How do we tell Python which rows are tribe counts and which are state counts? Notice that the tribe counts have a space at the beginning of the names. For example, the one of the first Tribe entries is `' Navajo Nation'`. We need to constuct a filter that goes through every entry in the data table and removes ones that start with a space. We can do this using a loop. 

In [None]:
WIC_States_and_Tribes["State/Indian Tribe"][5]

In [None]:
state_names = []
corresponding_numbers = []

index_value = 0

for state in ...: # Fill in your code here! What do you want to be indexing through?
    if state[0] != ' ': # This indexes a string to get the first charecter
        ... # Fill in your code here!
        corresponding_numbers.append(...) # Fill in your code here!
        
    index_value += 1

Now, let's replace our old `Total Enrollment` and `State/Indian Tribe` columns with our new lists!

In [None]:
WIC_States_and_Tribes["Total Enrollment"] = corresponding_numbers
WIC_States_and_Tribes["State/Indian Tribe"] = state_names

## Problem 2: Analysis

### Analysis Part 1:

In this next section, we will combine all the tools you have learned throughout this module to learn more about the data as a whole. You will be finding the top 10 states with largest enrollment in WIC programs and make a bar chart of the values.

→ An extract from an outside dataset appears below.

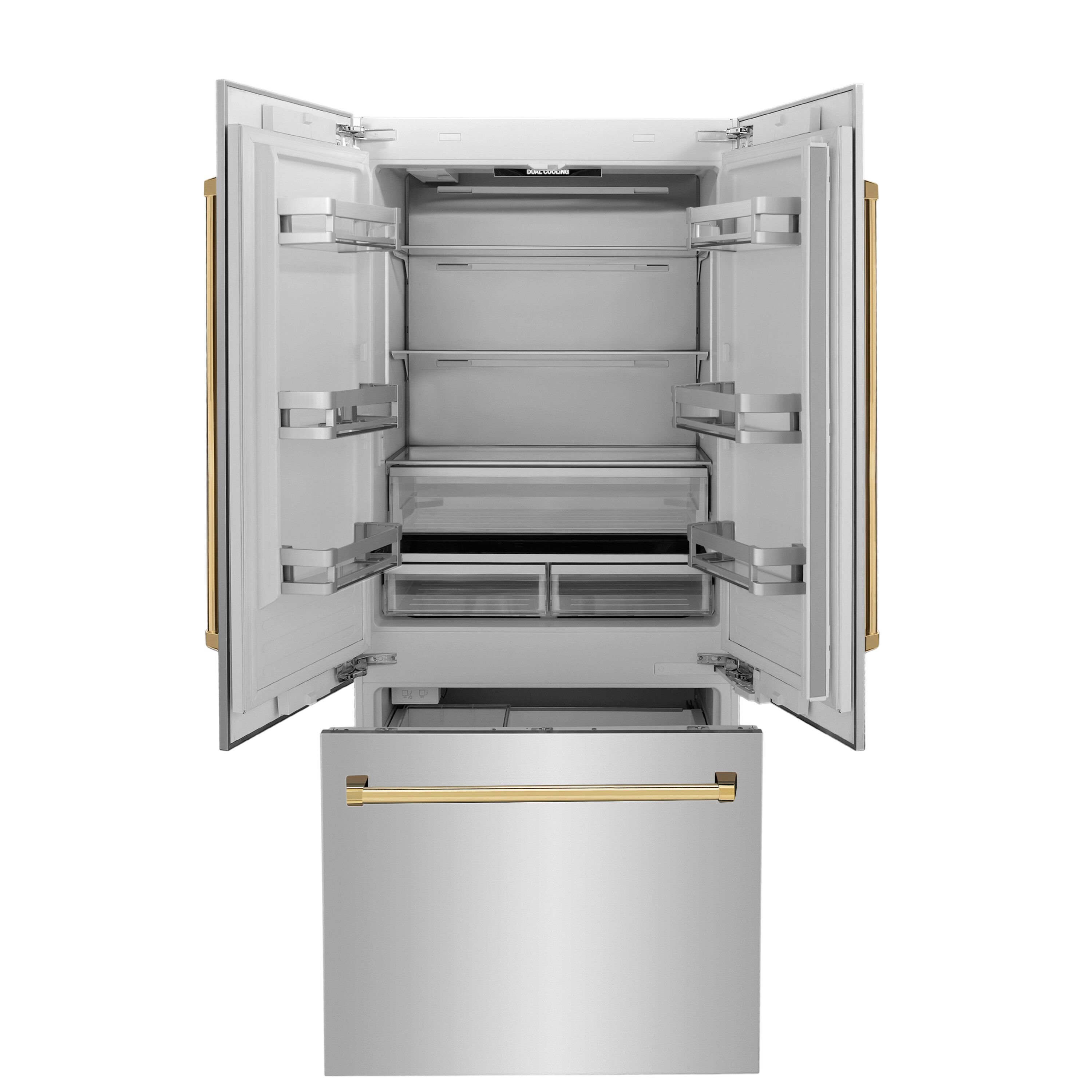 Luxury isn’t meant to be desired – it’s meant to be attainable. The ZLINE Autograph Edition 36 in. 19.6 cu. ft. French Door Built-In Bottom Freezer Refrigerator with Water Dispenser and Ice Maker in Stainless Steel with Polished Gold Accents (RBIVZ-304-36-G) provides the ultimate upgrade to the center of your home by pairing premium dual cooling technology with enhanced storage capacity for multiple grocery items. Achieve ZLINE Attainable Luxury® excellence with innovative features designed to enhance your kitchen’s cooling and freezing capability.

We want to find the top 10 largest values within corresponding numbers. We can start by sorting the enrollment counts per state in descending order (largest to smallest). We can use the `sorted` function to sort a list; setting the `reverse` argument to `True` tells it to sort from largest to smallest.

In [None]:
sorted_enrollment = sorted(WIC_States_and_Tribes["Total Enrollment"], reverse = True) ## TEACH SORT IN LIST SECTION

Now that the list is sorted from largest to smallest, assign the ten largest counts to the name `top_10_amounts` as a list.

In [None]:
top_10_amounts = ... # Fill in your code here! How might you get the top 10 amounts using sorted_enrollment?
top_10_amounts

With the top ten values, we can find out where they were in the original list to find the correct corresponding states. To do this, we can use a for loop that goes through each "row" of our table and adding the state to our top ten list if its enrollment value corresponds to our state.

In [None]:
top_state_enrollments = {}
num_states = len(WIC_States_and_Tribes["State/Indian Tribe"]) # number of states

for i in range(num_states):
    state = WIC_States_and_Tribes["State/Indian Tribe"][i] # get state at row
    enrollment = ... # Fill in your code here to get enrollment at row
    
    if ...: # When do you want to add to top_state_enrollments?
        top_state_enrollments[state] = enrollment
        
top_state_enrollments

Now that we have the indices of the top ten enrollment counts, we can index into the state_names list to get the corresponding state names to these counts. Use a forloop to obtain the values.

Hooray! At this point, we have both the top ten enrollment counts and the state names that correspond to those counts. Let's make a new table using the `visualize_table()` function to see values look like side by side. Start this by making a dictionary of the values using the variable we just found in this section.

In [None]:
top_states = list(top_state_enrollments.keys())
top_enrollments = list(top_state_enrollments.values())
top_state_and_value = ... # Fill in your code here!

In [None]:
visualize_table(top_state_and_value)

We can see the table we have made up to this point, and we are able to use this information to plot the different states against each other. This is helpful, because we can understand how frequently people need help in some states versus others.

In [None]:
# Fill in the column names you used when creating top_state_and_value above!
bar(top_state_and_value, ..., ...) 

In the bar chart, we can see that California has the largest enrollment in WIC as 1,009,492 people use these services. The next state is Texas and has around 250,000 fewer people enrolled. How is the difference between the enrollment of each state so far apart. Something to consider is the size of the population. California has over 39 million people within the state at this time, while Texas has around 27 million people. Based on the different population sizes we would expect California to have more people enrolled.